### Exercise brief
Verbatim copy, pictures excluded: every line from the one with "OS MELHORES DA" through the final line of the data below, and no other line.
----------
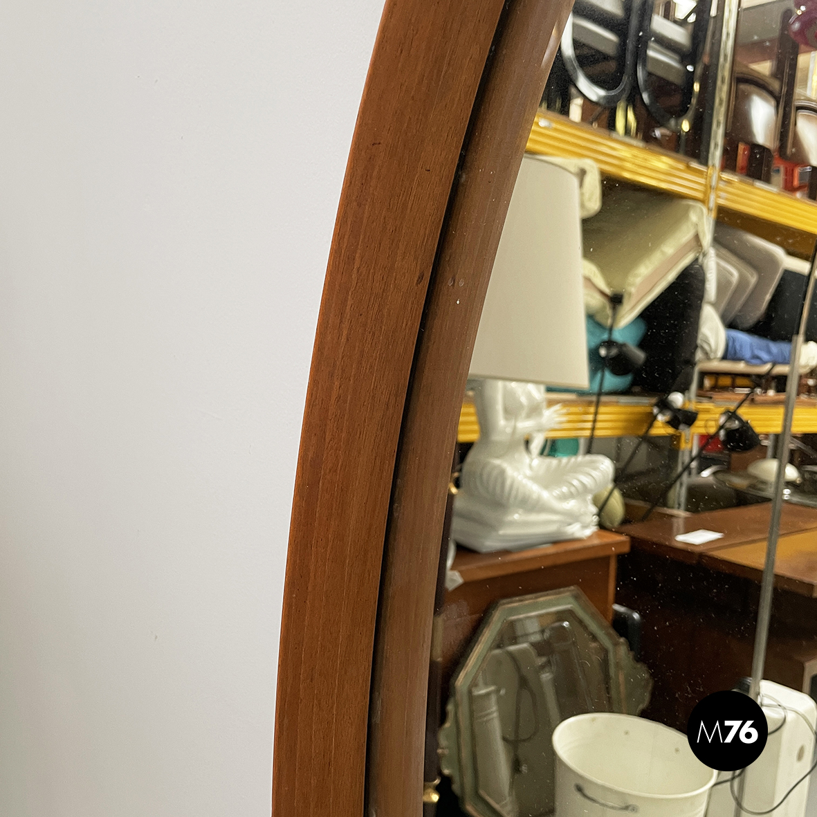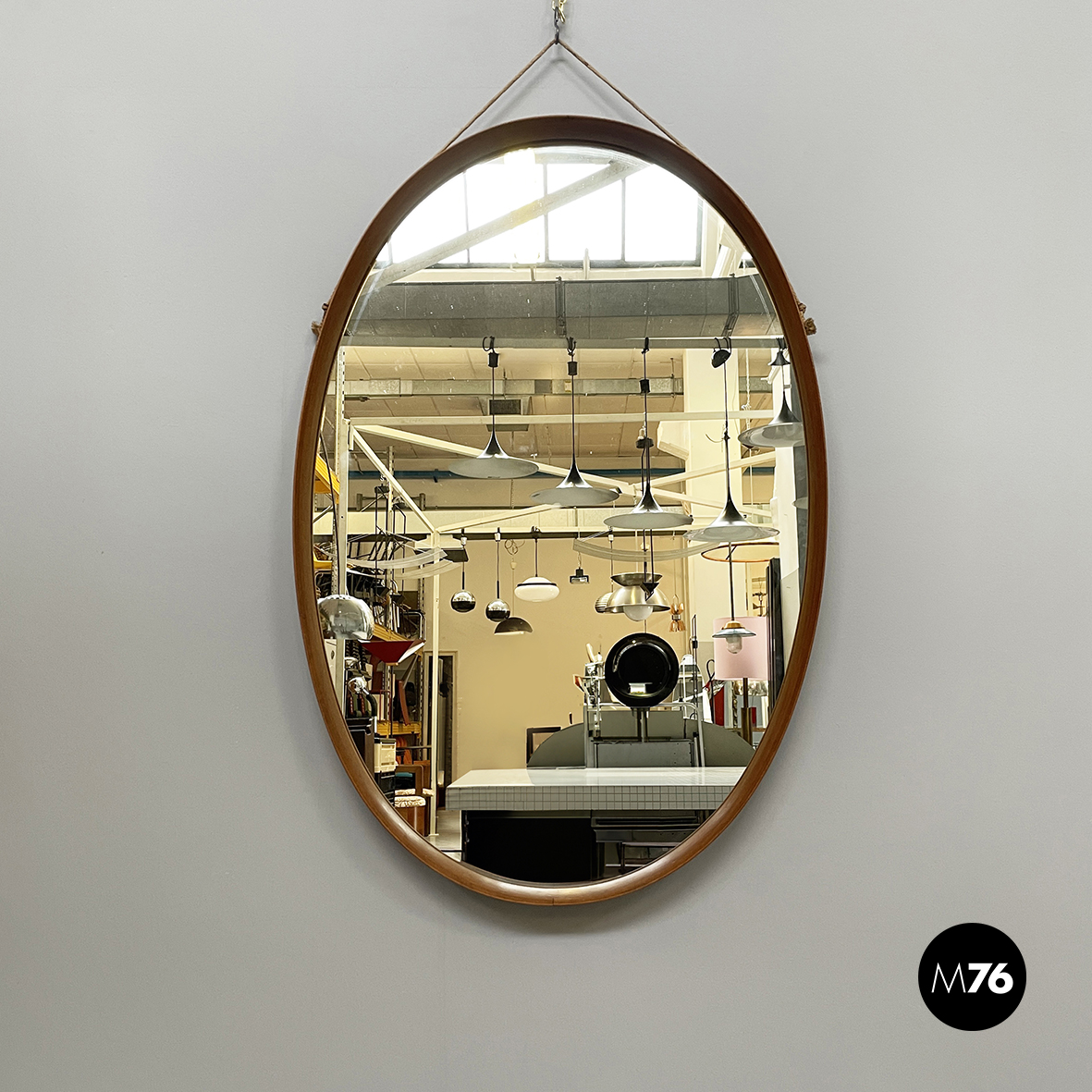 Specchio da parete ovale in con cornice in legno. Nella parte superiore è presente una corda per poterlo fissare a parete.
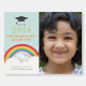 A rainbow kids preschool or kindergarten graduation theme featuring an illustration of a rainbow, blue sky and graduation cap. Personalize the photo.
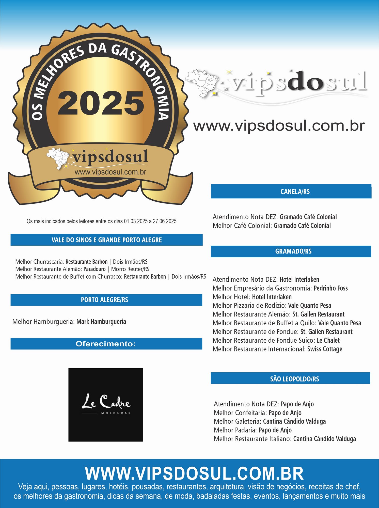 OS MELHORES DA GASTRONOMIA | VIPS DO SUL 2025, indicados pelos leitores
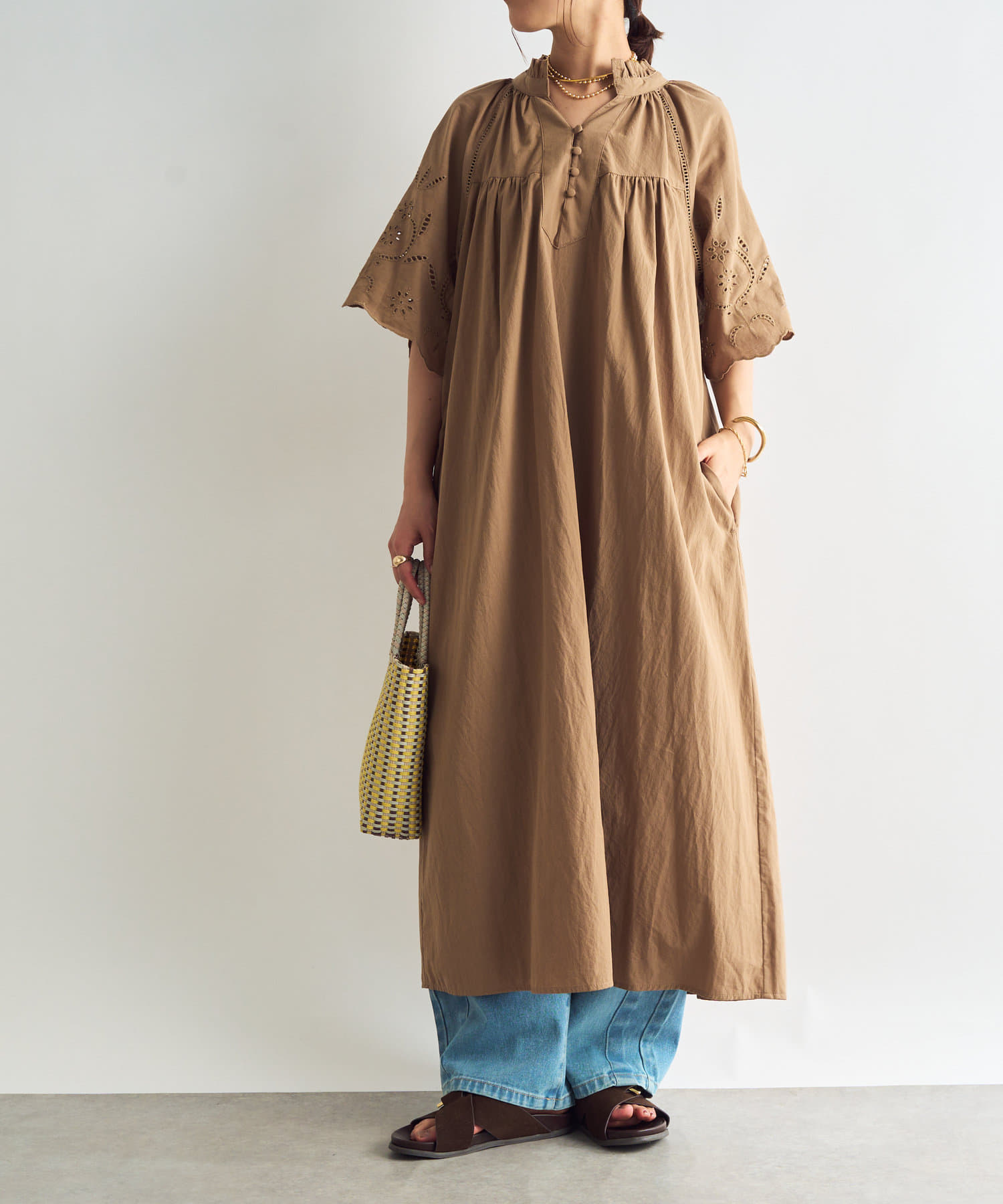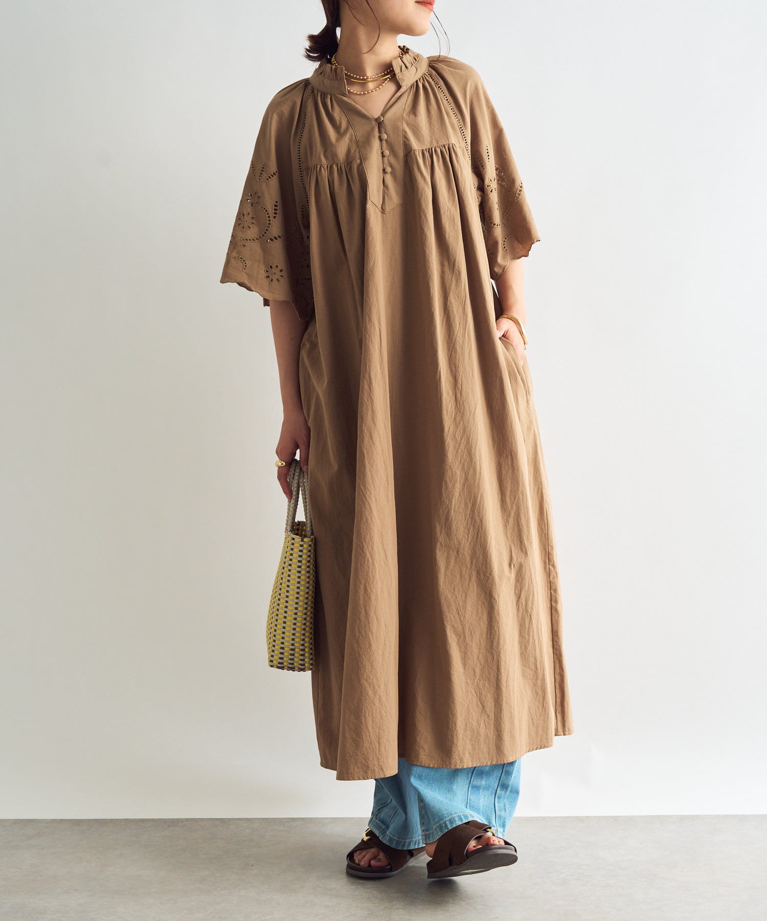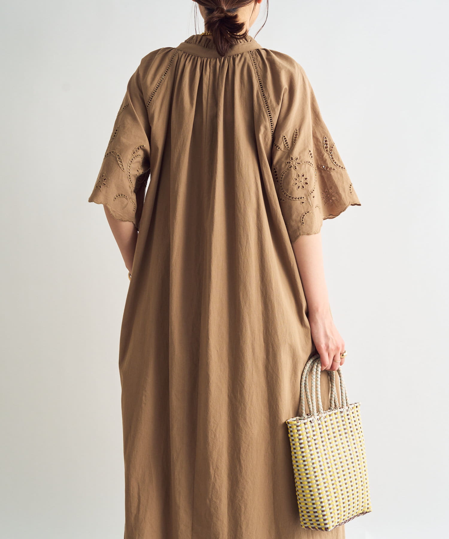 《ナチュラルな雰囲気》袖刺繍ワンピース
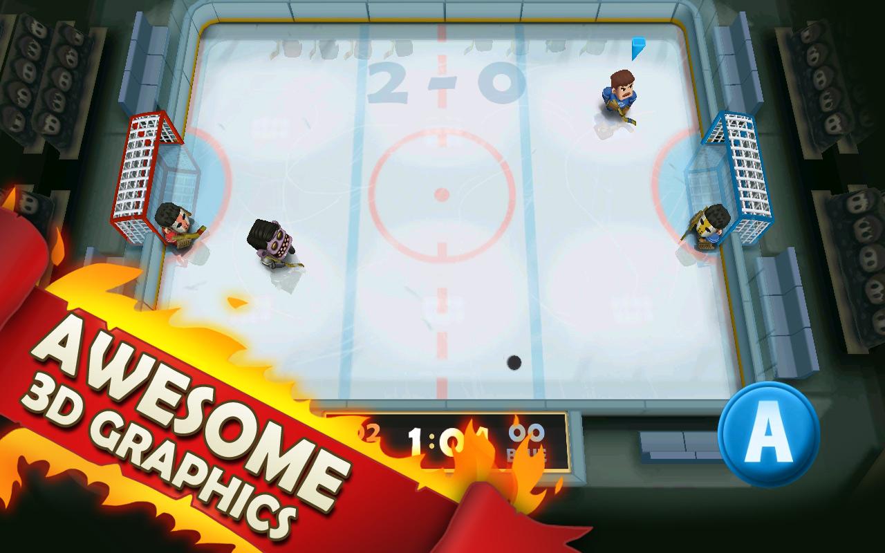 超过200万的玩家!球员面临关闭跨溜冰场,在曲棍球决斗 一个球员和一个守门员各一个侧面。游戏是快速,粗糙,有玩家花尽可能多的时间吃了冰作为对他们的脚。有三种不同的单人游戏模式(锦标赛,快速匹配和死斗)和单设备多人。
----------
### Reply
 OS MELHORES DA GASTRONOMIA | VIPS DO SUL 2025, indicados pelos leitores
 《ナチュラルな雰囲気》袖刺繍ワンピース
 超过200万的玩家!球员面临关闭跨溜冰场,在曲棍球决斗 一个球员和一个守门员各一个侧面。游戏是快速,粗糙,有玩家花尽可能多的时间吃了冰作为对他们的脚。有三种不同的单人游戏模式(锦标赛,快速匹配和死斗)和单设备多人。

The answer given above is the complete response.